Winery Oxer Bastegieta | Spanish Wine Lover

Passion for Spanish wine


A new player in Rioja, Oxer Bastegieta is a Basque producer who divides his time between the family winery in the Bizkaiko Txakolina appellation and his highly personal wines in Rioja.

A seasoned traveller, Oxer got into wine in 1999 when his father asked him to make a txakoli to be served in the family restaurant in Kortezubi (Bizkaia) from a one-hectare plot he had planted nearby. Bastegieta discovered Rioja soon after, when he took a master's degree in Wine Growing and Oenology in Laguardia, in the heart of Rioja Alavesa. He was captivated by the striking landscape set against the imposing mountains of Sierra Cantabria and decided to move to this picturesque village in 2009.

The following year he bought his first vineyard. Called El Artillero (The Gunner), it is a very old plot located at 600m in Elvillar, also in Rioja Alavesa. Oxer currently grows 4.8 hectares divided in 16 plots in the villages of Leza, Navaridas, Elciego, San Vicente de la Sonsierra, Laguardia and Elvillar. One of these plots in Laguardia was planted using a keyline design, a landscaping technique used in permaculture to optimize resources. It is here where he plans to build a winery in the future.

In his early forties, Bastegieta’s approach to wine is unconventional and personal and this is visible in his striking, unique wine labels. Taking inspiration from poems, songs and images, these labels are the result of working closely with the award-winning design agency Calcco from Logroño.
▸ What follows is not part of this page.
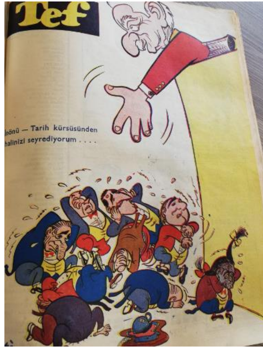
Şekil 19. Tef Kapak

Kaynak: (Tef, c. 2, s. 37, 1961: Kapak).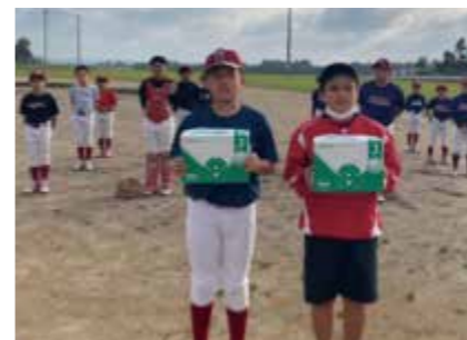
7.金武雄飛 8.金武ヴィクトリーキッズ

In the Bizkaiko Txakolina appellation, Oxer makes the family white Marko (€12) whose label features the rock paintings found on the nearby Santimamiñe Caves. His own wines start with Marko Gure Arbasoak (“our ancestors” in Basque, €28, 8,000 bottles), a vibrant, sharp blend of almost equal parts of Hondarrabi Zuri Zerratia (Petit Courbou) and Hondarrabi Zuri with 20% of Izkiota ttipia (Petit Manseng). Fermentation starts in stainless steel tanks and ends in 400-litre and 500-litre oak barrels where the wine stays for 8 to 9 months -no doubt it sets new heights for oak-aged txakoli in the area. Marko Late Harvest (900 bottles, €30) is an interesting sweet wine made with grapes that were picked in mid-November. Labels are inspired by the large colony of birds in the natural enclave of Urdabai where the vineyards are located. While Gure Arbasoak includes a quote from a Basque song, the sweet wine features a verse from The Crown, a poem by Edgar Allan Poe.

Production in Rioja is slightly below 10,000 bottles, although Oxer plans to make 20,000 bottles in the future. The range starts with Iraun (“to endure” in Basque, 1,300 bottles, €40), a blend of Viura, White Garnacha and Malvasía made with the white grapes from El Artillero vineyard. Winemaking is similar to txakoli except for the fact that amphorae are used for fermentations -Sherry butts might be added in the future. The fresh, almost electric red El Artillero (just under 2,000 bottles, €40) is fermented in various vessels and is later aged in used casks. The cannon on the label was replaced by a more seductive image after Oxer learnt that El Artillero was one of the sexual positions described in the Kama Sutra.

Suzzane (3,000 bottles, €40), intentionally spelled with two “z”, has a label that evokes Oxer’s relationship with women and quotes the foreword of The Inhabited Woman, a novel by Nicaraguan writer Gioconda Belli. Inside the bottle there is a wonderfully vibrant, deep and mineral Garnacha from Cárdenas (Alto Najerilla valley). Lastly, Kalamity (around 2,000 bottles, €100) combines the best from El Artillero and Cárdenas. “I wanted to mix the chalky, inky notes of Rioja Alavesa with the floral, mineral style you get on the right bank of the Ebro river in Rioja Alta,” Oxer explains. The label was inspired on Mexican folklore celebrating the Day of the Dead. “There is calamity inside all of us,” he says. The quote in this case comes from Shakesperare’s The Raigne of King Edward the Third.